Dealing with tax return enquiries by HM Revenue and Customs (HMRC) can be a time-consuming exercise. Part of that time can sometimes be spent arguing with HMRC about the information they are required to see in order to check the accuracy of the tax return.
For example, self-employed taxpayers (or those with a property rental business) might find themselves being asked by HMRC to provide copies of private bank and credit card statements if the relevant accounts have been used for both business and private purposes. However, is HMRC entitled to see information of such a personal nature, and if so, to what extent?
The general rule is broadly that HMRC may send the taxpayer a written notice (an ‘information notice’) requiring the taxpayer to provide information or produce a document if it is ‘reasonably required’ to check the taxpayer’s tax position (FA 2008, Sch 36, para 1(1)).
However, HMRC’s information powers are subject to certain specific restrictions (in FA 2008, Sch 36, Pt 4).
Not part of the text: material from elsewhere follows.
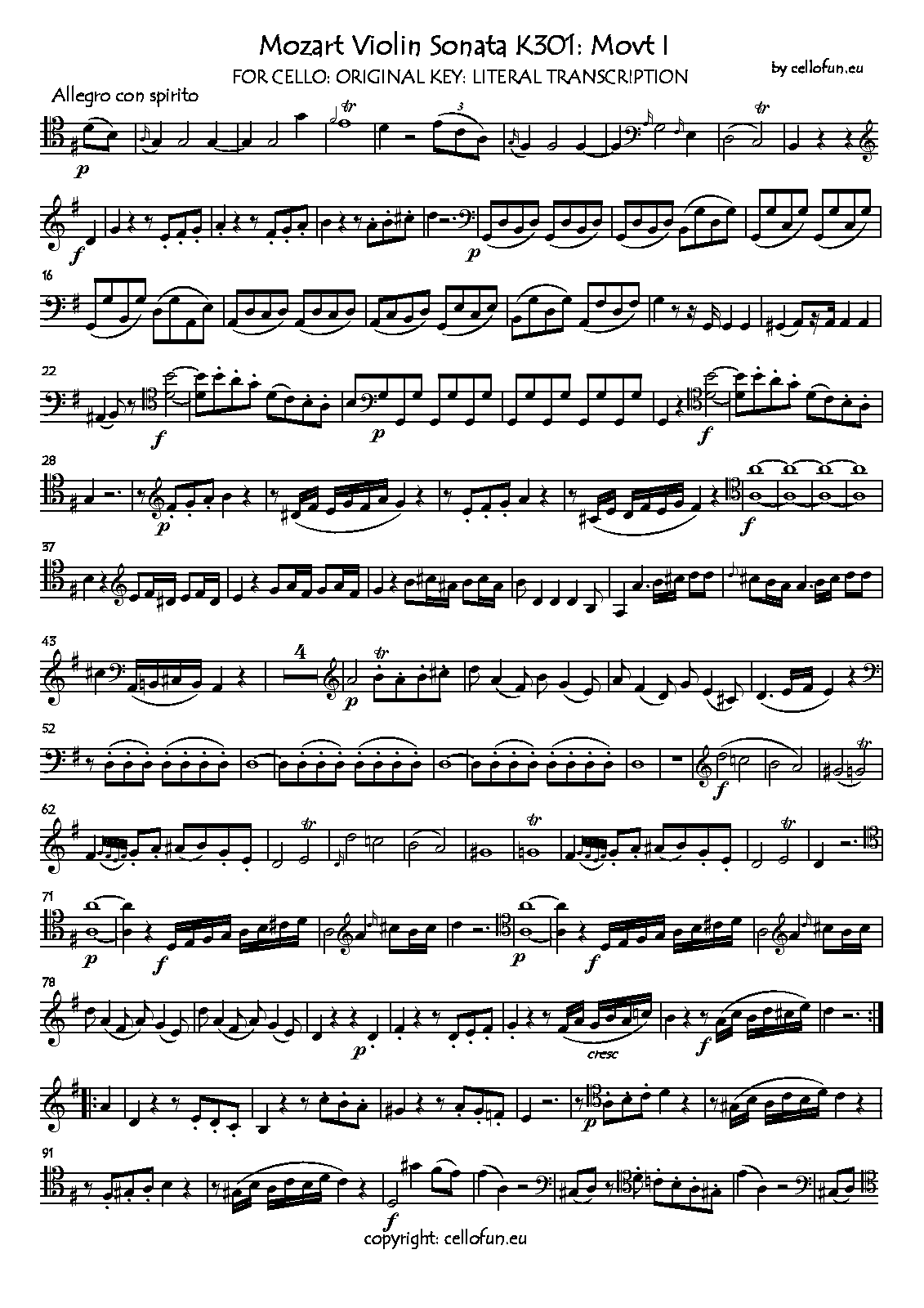 Misc. Notes In the original key therefore any original piano accompaniment part can be used. For best results, print on A4 paper with no margins. Four cello parts are offered: an "Urtext" part with only Mozart's indications, an Edited Version with fingering and bowing suggestions, a clean copy with no markings at all and an Easier Version. For more information and a play-along accompaniment, see cellofun.eu

One such restriction is that the taxpayer is not required to provide or produce ‘personal records’ (as defined in the Police and Criminal Evidence Act (PACE) 1984, s 12). One might assume that personal records would automatically include private bank and credit card statements. Unfortunately, that is not the case.
‘Personal records’ are narrowly defined in PACE 1984, s 12, broadly as records relating “(a) to his physical or mental health; (b) to spiritual counselling or assistance given or to be given to him; or (c) to counselling or assistance to be given to him for the purposes of his personal welfare by any voluntary organisation…”.
Even if a bank or credit card statement satisfies the definition of a personal record, HMRC may still issue an information notice requiring the taxpayer to produce the personal record, but omitting any personal information of the above nature (FA 2008, Sch 36, para 19(3)).
‘Mixed use’ accounts
In Smith v Revenue & Customs  UKFTT 200 (TC), the taxpayer received rental income from various properties. HMRC issued an information notice during an enquiry into the taxpayer’s tax return for 2011/12, requesting (among other things) sight of bank statements for any account into which business monies were lodged or business expenditure paid, and credit card statements for any account from which business expenditure was paid. Unfortunately, the taxpayer did not operate separate business and private bank and credit card accounts. He appealed against the information notice.
The tribunal noted that an HMRC information notice does not allow access to ‘personal records’ within PACE 1984, s 12. However, the tribunal also noted that an information notice may require a person to provide documents that are personal records, omitting any personal information. The tribunal held that HMRC’s information notice should be varied (in accordance with FA 2008, Sch 36, para 19(3)), such that the appellant was required to provide the bank and credit card statements, but omitting any personal information.
Whilst the tribunal’s decision in Smith does not create a binding precedent, it will probably be seen as a worrying development by some taxpayers and advisers. It indicates that if a bank or credit card statement sheet contains no ‘personal information’, it is not a personal record, and that HMRC can request private bank and credit card statements used for mixed (personal and business) purposes, with the omission of the very limited amount of personal information as mentioned above.
It should be remembered that the information requested by HMRC must still be ‘reasonably required’ to check the person’s tax position. However, if a private bank or credit card account was being used for both business and private purposes, it would be difficult to argue that the statements were not reasonably required in the context of an enquiry into business profits. Furthermore, there is no right of appeal against an information notice to provide information or produce documents forming part of the taxpayer’s statutory records (FA 2008, Sch 36, para 29(2)). To avoid such problems, taxpayers should therefore maintain entirely separate business and private bank and credit card accounts.